As she worked through the details, she would use two polished black granite walls that stretched out and descended gradually toward an apex, 10 feet below grade, where they converged at a V, acting as bookends to the war. From above, the walls would look like the earth had opened up. Visitors would descend into the memorial, passing the names of over 57,000 dead or missing veterans before returning to ground level. The names would be listed chronologically in order to capture the timeline of the war, allowing veterans and their families to revisit the time they served and find everyone they knew within a few panels, forging a deeper connection to their experience of the war.

Lin sent through her final submission in the spring of 1981, a soft pastel sketch with an essay explaining her concept in detail and how the experience would feel.
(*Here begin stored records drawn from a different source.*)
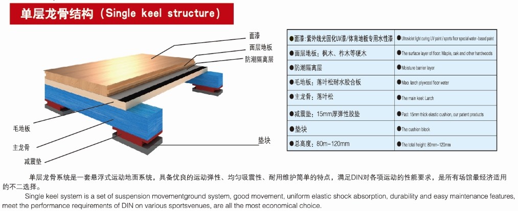 單層龍骨系統是所有體育場館*經濟適用的懸浮系統,具備優良的運動彈性,均勻吸震性。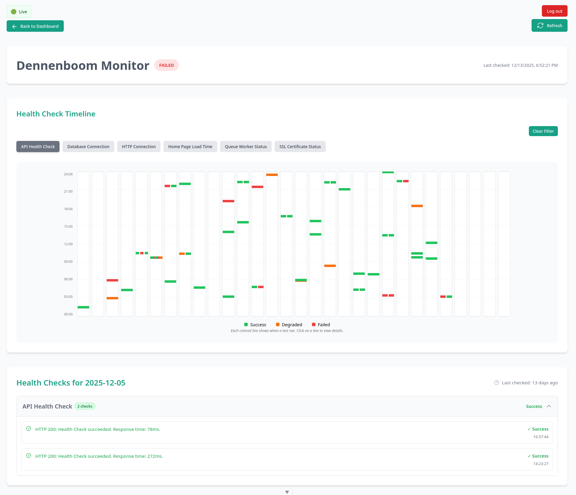 - De backend voert elk uur een healthcheck uit via een cronjob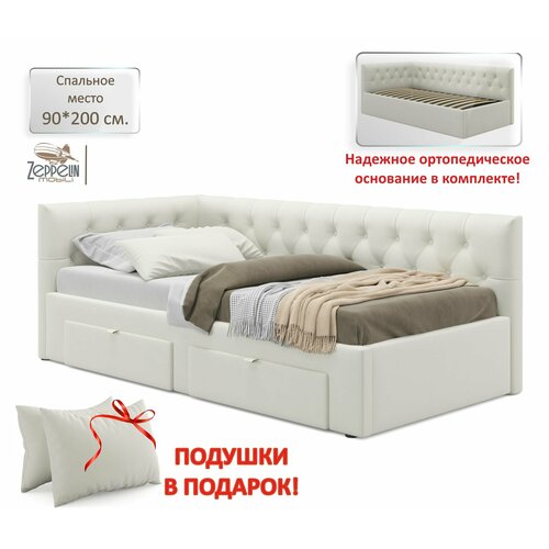 Односпальная кровать-тахта угловая Afelia 900 бежевая Zeppelin с ортопедическим основанием , 90х200, мягкая из велюра, с ящиками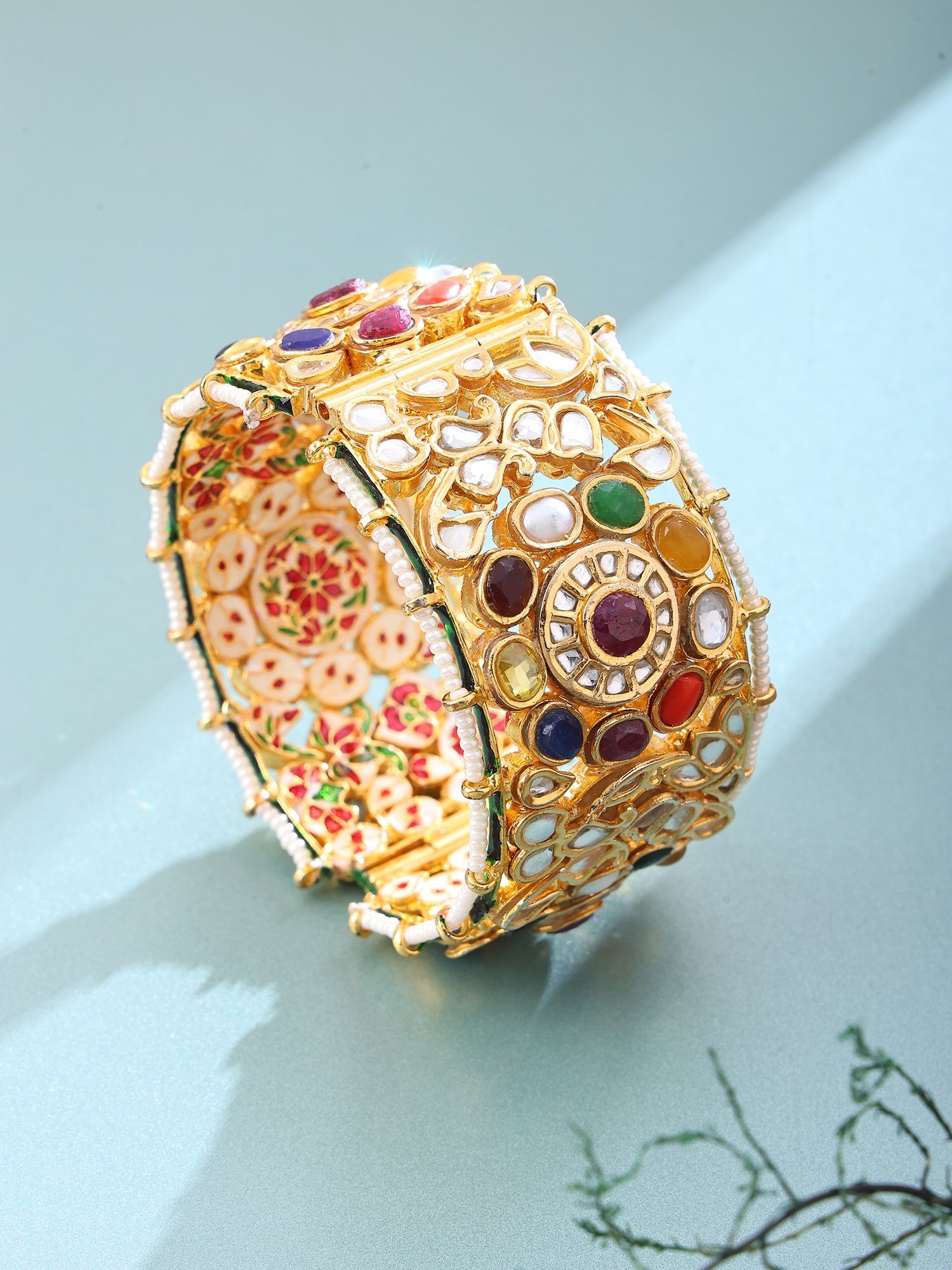 Openable Lacquer Bangle with Kundan Detailing and Navratna Stones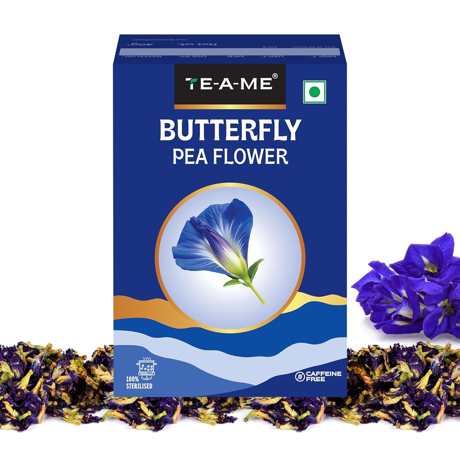 TE-A-ME Butterfly Pea Flower Tea - 40gm, 1.4 Ounce | Ayurvedic Shankhpushpi Flower - Helps Relieve Stress | Caffeine Free, Biodegradable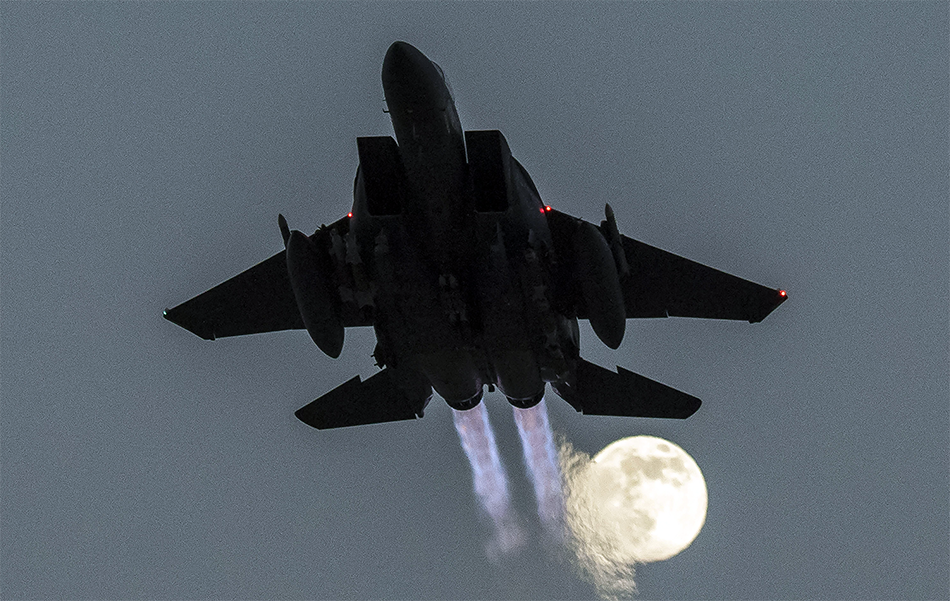 An F-15E Strike Eagle takes off from an undisclosed in Southwest Asia, July 7, 2017. The Eagle, assigned to the 332nd Air Expeditionary Wing, is supporting Operation Inherent Resolve to combat the threat of the Islamic State of Iraq and Syria. Air Force photo/Senior Airman Damon Kasberg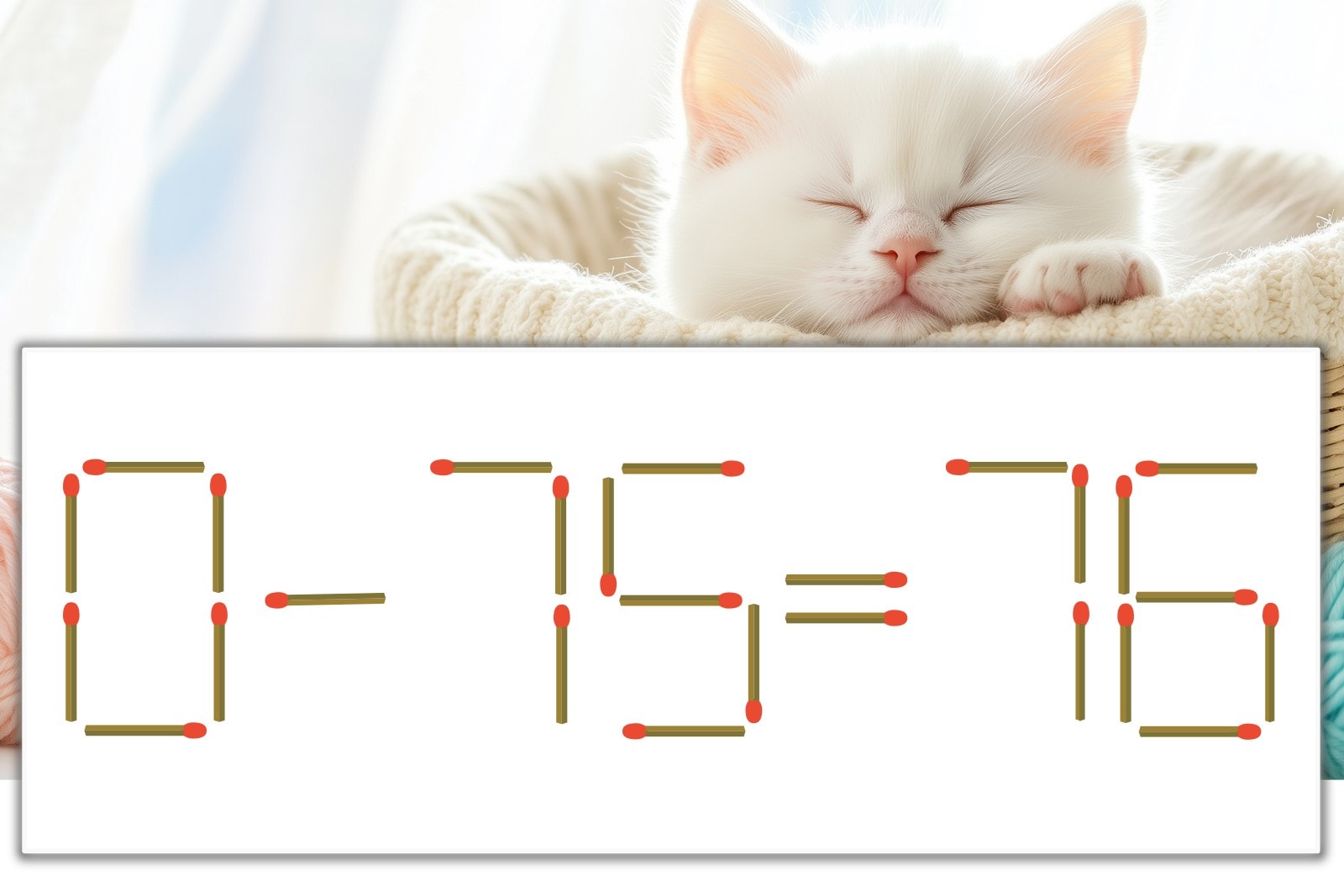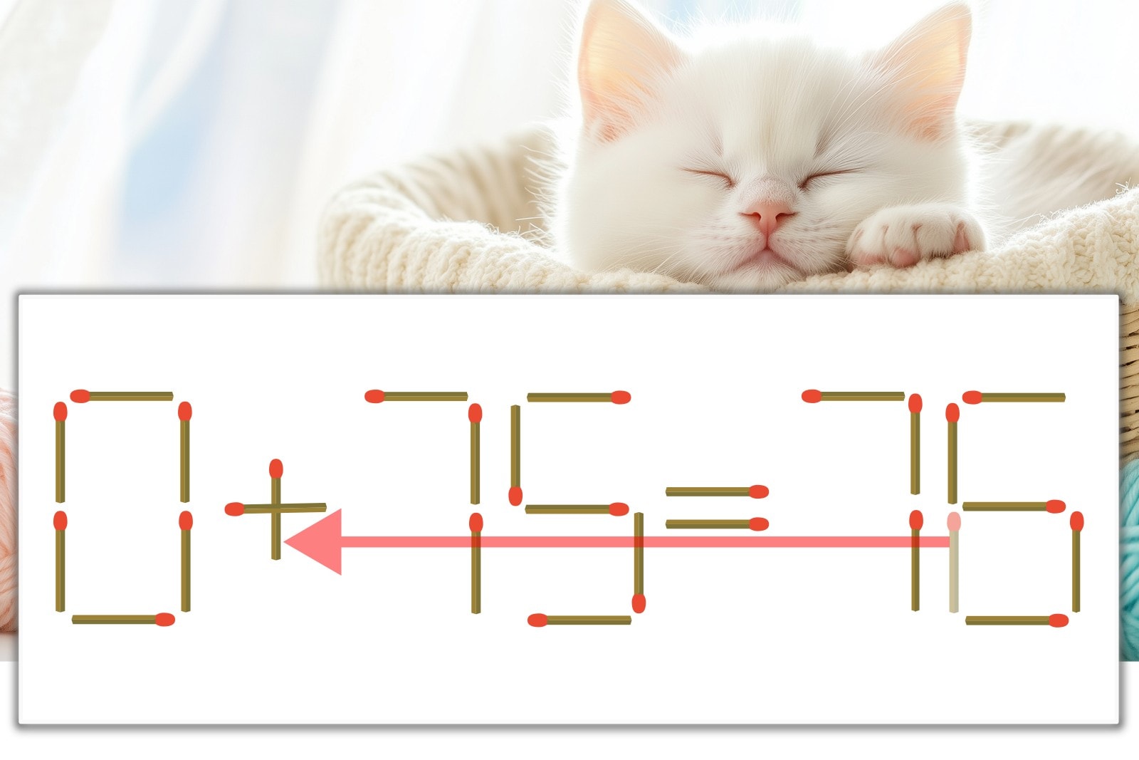 「6」を別の数字に変化させると答えが導き出せます。「6」のマッチ棒を1本移動して、「-」を「+」にしてみましょう。すると、「0+75=75」が成立します。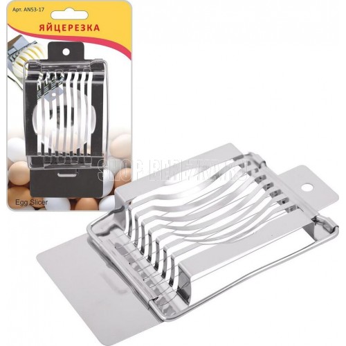 Простая и нужная вещь в хозяйстве – металлическая яйцерезка. Это приспособление мгновенно и ровно разрезает яйца с помощью стальных струн. Характеристики: надежная конструкция, изделие изготовлено из стали; режущий инструмент – стальные струны аккуратно разрезают яйцо, вареные овощи или мягкие фрукты на тонкие ломтики; продукты не сминаются и не оставляют крошек; изделие не ржавеет, не темнеет со временем. Конструкция занимает мало места, удобна в хранении, яйцерезку можно повесить на гвоздь или на крючок. Размер: 8х14х2,5 см. Материал: корпус из хромированной стали, струна из нержавеющей стали. После использования промывайте изделие с моющими средствами.Яйцерезка (метал.) AN53-17 Материал: Металл (Нерж.сталь), Металл (Сталь хромированная) Размер: 7 х 14,5 см.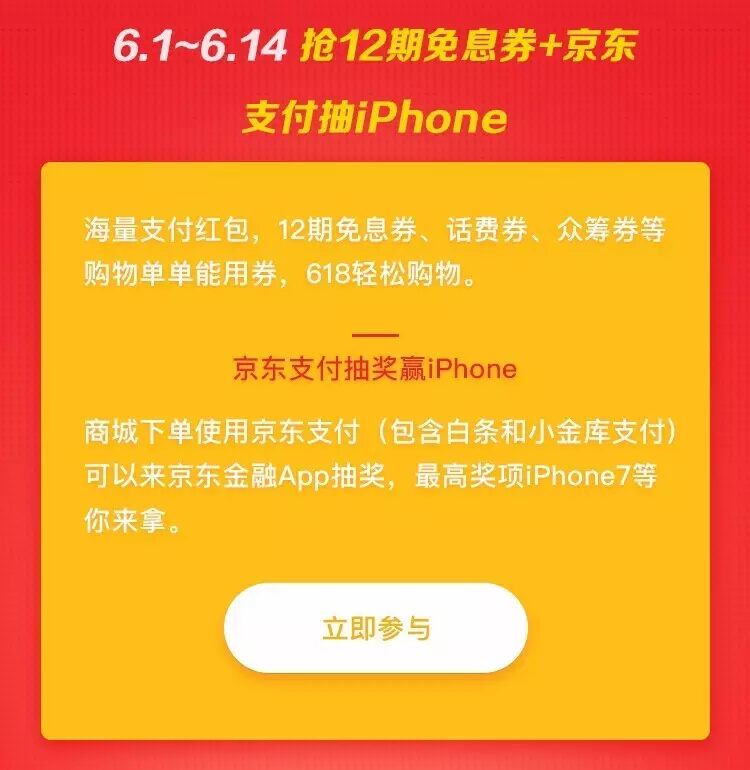 导读:抢12期免息券、话费券、众筹券、单单能用券,使用白条支付和小金库支付可参加抽奖赢iPhone!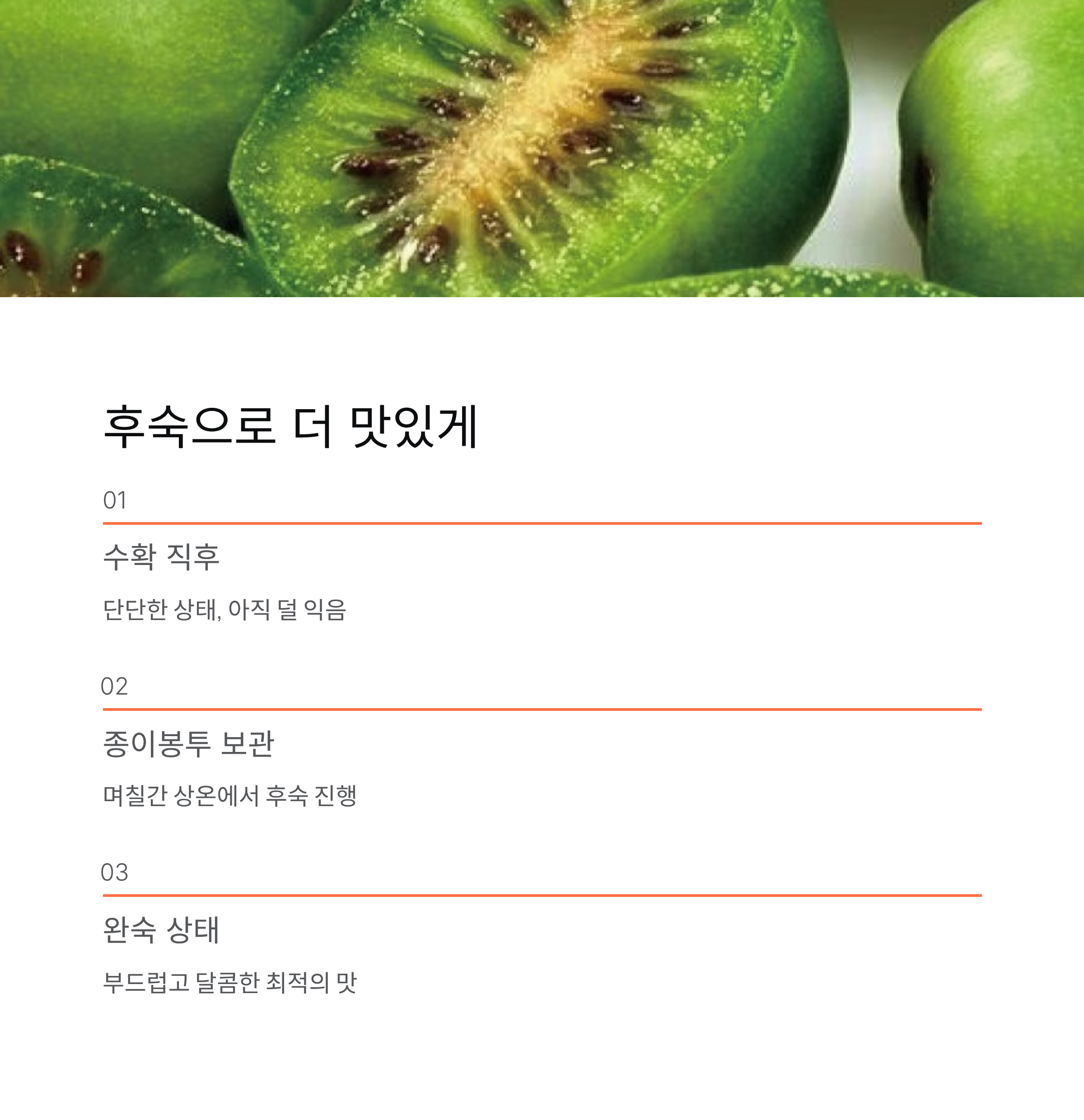 종이봉투에 담아 며칠간 두면 후숙이 진행되면서 과육이 부드럽고 달콤하게 변합니다.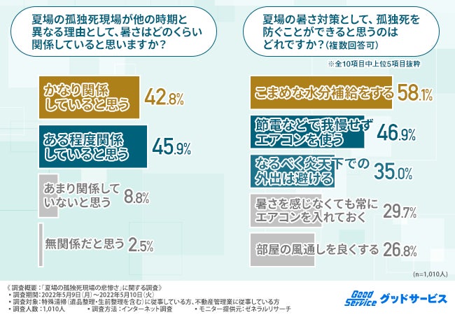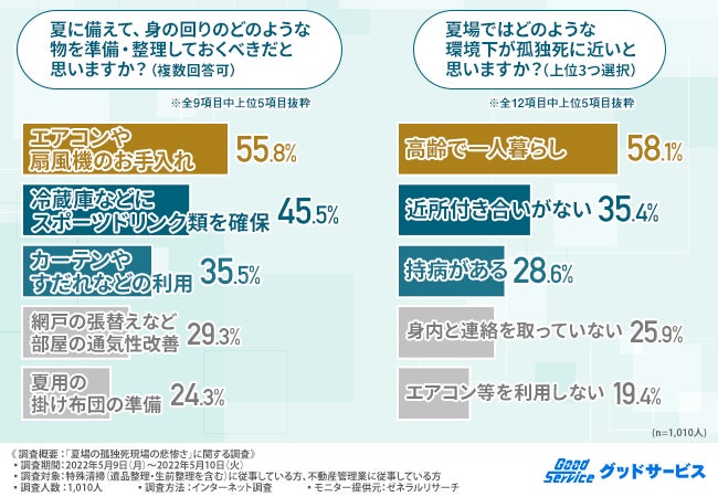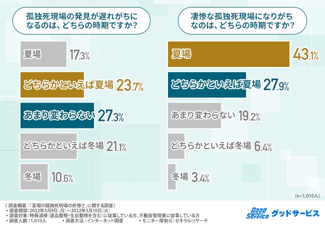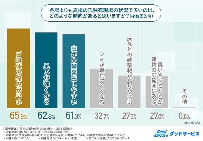株式会社GoodService(本社所在地:名古屋市中区、代表:山村 直秀)は、特殊清掃(遺品整理・生前整理を含む)に従事している方を対象に、「夏場の孤独死現場の悲惨さ」に関する調査を実施しました。

There were over 1,400 submissions, including one from her professor and many other from professional architects. On the last day of class, Lin received a call from the Vietnam Veterans Memorial Fund, requesting to visit New Haven to ask her a few questions. Three officers arrived to meet Lin in her dorm room and delivered the news—she had won.

Standing her ground

After graduation, Lin moved to D.C. to oversee construction. By this point, word was out, and outrage was spreading over her and her design. How could a 21-year-old Asian-American woman who had just graduated from college without any experience of the war herself possibly design a proper memorial for the Vietnam veterans?

During meetings and press conferences, she faced a backlash for her Asian heritage and designing a memorial for a war fought in Southeast Asia. She received hate mail, personal insults, and racial slurs. People called her design “a black scare of shame,” an “open urinal,” and “something for New York intellectuals.” Critics wanted to make the memorial a white stone, move it above ground, and plant a flagpole or towering statue at its apex, rendering the walls as nothing more than a backdrop.

Lin faced these confrontations with admirable courage. She stood her ground and fought for the design she believed in. She had thought through the design decisions of the memorial in detail and how each contributed to the overall experience she was working to create.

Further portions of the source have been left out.